2. Fallback candidate is chosen in memory.
3. Session store still says the old primary.
4. Live-session reconciliation reads the stale session state.
5. The retry gets snapped back to the old model before the fallback attempt
   starts.

The persisted fallback override closes that window, and the narrow rollback
keeps newer manual or runtime session changes intact.

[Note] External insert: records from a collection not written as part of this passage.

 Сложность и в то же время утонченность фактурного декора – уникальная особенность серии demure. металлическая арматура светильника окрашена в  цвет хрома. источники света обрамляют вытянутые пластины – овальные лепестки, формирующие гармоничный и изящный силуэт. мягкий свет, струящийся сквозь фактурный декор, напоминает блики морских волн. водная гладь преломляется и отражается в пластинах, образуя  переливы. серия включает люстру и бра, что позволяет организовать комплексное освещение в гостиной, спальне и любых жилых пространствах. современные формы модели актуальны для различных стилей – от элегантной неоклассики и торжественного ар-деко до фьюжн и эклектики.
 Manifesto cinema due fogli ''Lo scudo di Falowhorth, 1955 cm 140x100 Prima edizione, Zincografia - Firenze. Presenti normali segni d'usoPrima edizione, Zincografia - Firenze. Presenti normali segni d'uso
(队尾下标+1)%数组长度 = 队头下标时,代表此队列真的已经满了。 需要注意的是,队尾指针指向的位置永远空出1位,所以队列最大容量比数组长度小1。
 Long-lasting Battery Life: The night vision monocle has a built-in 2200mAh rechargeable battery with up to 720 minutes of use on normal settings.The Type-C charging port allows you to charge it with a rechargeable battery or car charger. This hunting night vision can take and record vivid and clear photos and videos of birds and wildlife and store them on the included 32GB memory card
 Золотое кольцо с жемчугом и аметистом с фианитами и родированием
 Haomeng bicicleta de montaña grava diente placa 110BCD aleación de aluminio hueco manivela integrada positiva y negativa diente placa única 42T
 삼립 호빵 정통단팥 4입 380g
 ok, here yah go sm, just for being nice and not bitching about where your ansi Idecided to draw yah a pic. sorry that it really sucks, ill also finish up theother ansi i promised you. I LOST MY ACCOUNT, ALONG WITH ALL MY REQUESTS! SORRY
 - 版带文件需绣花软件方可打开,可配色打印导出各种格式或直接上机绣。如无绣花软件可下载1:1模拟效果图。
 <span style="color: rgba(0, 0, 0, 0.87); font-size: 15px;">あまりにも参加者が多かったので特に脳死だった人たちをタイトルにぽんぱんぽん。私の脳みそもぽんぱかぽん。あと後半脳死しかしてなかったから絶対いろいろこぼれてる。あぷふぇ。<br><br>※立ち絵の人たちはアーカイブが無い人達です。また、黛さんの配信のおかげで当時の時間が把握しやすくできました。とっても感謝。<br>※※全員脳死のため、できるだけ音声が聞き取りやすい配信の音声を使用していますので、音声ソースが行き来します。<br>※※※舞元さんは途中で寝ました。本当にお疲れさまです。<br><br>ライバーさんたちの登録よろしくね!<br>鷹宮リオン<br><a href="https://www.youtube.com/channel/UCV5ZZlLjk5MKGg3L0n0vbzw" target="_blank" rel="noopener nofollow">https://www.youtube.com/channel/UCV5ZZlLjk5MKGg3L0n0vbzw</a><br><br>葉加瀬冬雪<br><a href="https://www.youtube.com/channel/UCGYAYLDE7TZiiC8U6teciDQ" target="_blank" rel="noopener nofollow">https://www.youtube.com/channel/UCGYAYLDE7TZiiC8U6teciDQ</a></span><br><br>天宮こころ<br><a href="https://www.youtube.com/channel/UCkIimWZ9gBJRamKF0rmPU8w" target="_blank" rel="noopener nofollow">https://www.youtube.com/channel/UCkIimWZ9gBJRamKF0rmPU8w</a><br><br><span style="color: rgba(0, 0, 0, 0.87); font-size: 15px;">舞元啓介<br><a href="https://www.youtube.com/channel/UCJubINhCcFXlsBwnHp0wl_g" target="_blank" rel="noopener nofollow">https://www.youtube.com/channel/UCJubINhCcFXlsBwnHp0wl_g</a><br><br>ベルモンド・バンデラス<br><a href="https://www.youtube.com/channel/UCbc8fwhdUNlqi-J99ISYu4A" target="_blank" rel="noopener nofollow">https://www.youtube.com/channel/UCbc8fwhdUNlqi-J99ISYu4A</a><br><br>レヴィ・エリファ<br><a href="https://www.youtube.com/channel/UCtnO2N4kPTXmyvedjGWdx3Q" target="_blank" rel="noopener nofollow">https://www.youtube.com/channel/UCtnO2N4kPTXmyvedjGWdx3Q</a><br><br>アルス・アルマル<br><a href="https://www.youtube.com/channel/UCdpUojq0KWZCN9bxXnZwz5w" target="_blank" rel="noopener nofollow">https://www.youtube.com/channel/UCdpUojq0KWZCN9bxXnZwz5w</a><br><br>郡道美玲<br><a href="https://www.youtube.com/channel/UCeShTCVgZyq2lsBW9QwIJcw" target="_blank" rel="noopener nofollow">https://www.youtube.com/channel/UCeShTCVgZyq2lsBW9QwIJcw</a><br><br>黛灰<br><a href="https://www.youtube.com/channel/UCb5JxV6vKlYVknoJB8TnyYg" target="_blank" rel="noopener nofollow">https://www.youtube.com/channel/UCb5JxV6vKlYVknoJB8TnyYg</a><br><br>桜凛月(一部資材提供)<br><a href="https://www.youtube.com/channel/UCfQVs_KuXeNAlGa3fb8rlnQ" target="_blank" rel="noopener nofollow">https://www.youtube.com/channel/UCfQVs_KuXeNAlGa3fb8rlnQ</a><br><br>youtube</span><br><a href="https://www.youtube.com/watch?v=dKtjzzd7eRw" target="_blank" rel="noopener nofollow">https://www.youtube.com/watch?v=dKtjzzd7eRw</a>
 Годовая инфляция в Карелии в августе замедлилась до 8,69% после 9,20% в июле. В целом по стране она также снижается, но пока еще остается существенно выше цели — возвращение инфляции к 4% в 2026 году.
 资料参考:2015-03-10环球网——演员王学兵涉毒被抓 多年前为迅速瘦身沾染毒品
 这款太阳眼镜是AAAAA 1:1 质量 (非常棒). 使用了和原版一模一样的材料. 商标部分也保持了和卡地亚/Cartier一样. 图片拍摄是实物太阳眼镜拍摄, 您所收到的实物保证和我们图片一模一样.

## Observability and failure summaries

`runWithModelFallback(...)` records per-attempt details that feed logs and
user-facing cooldown messaging:

- provider/model attempted
- reason (`rate_limit`, `overloaded`, `billing`, `auth`, `model_not_found`, and
  similar failover reasons)
- optional status/code
- human-readable error summary

When every candidate fails, OpenClaw throws `FallbackSummaryError`. The outer
reply runner can use that to build a more specific message such as "all models
are temporarily rate-limited" and include the soonest cooldown expiry when one
is known.

That cooldown summary is model-aware:

- unrelated model-scoped rate limits are ignored for the attempted
  provider/model chain
- if the remaining block is a matching model-scoped rate limit, OpenClaw
  reports the last matching expiry that still blocks that model

## Related config

See [Gateway configuration](/gateway/configuration) for:

- `auth.profiles` / `auth.order`
- `auth.cooldowns.billingBackoffHours` / `auth.cooldowns.billingBackoffHoursByProvider`
- `auth.cooldowns.billingMaxHours` / `auth.cooldowns.failureWindowHours`
- `auth.cooldowns.overloadedProfileRotations` / `auth.cooldowns.overloadedBackoffMs`
- `auth.cooldowns.rateLimitedProfileRotations`
- `agents.defaults.model.primary` / `agents.defaults.model.fallbacks`
- `agents.defaults.imageModel` routing

See [Models](/concepts/models) for the broader model selection and fallback overview.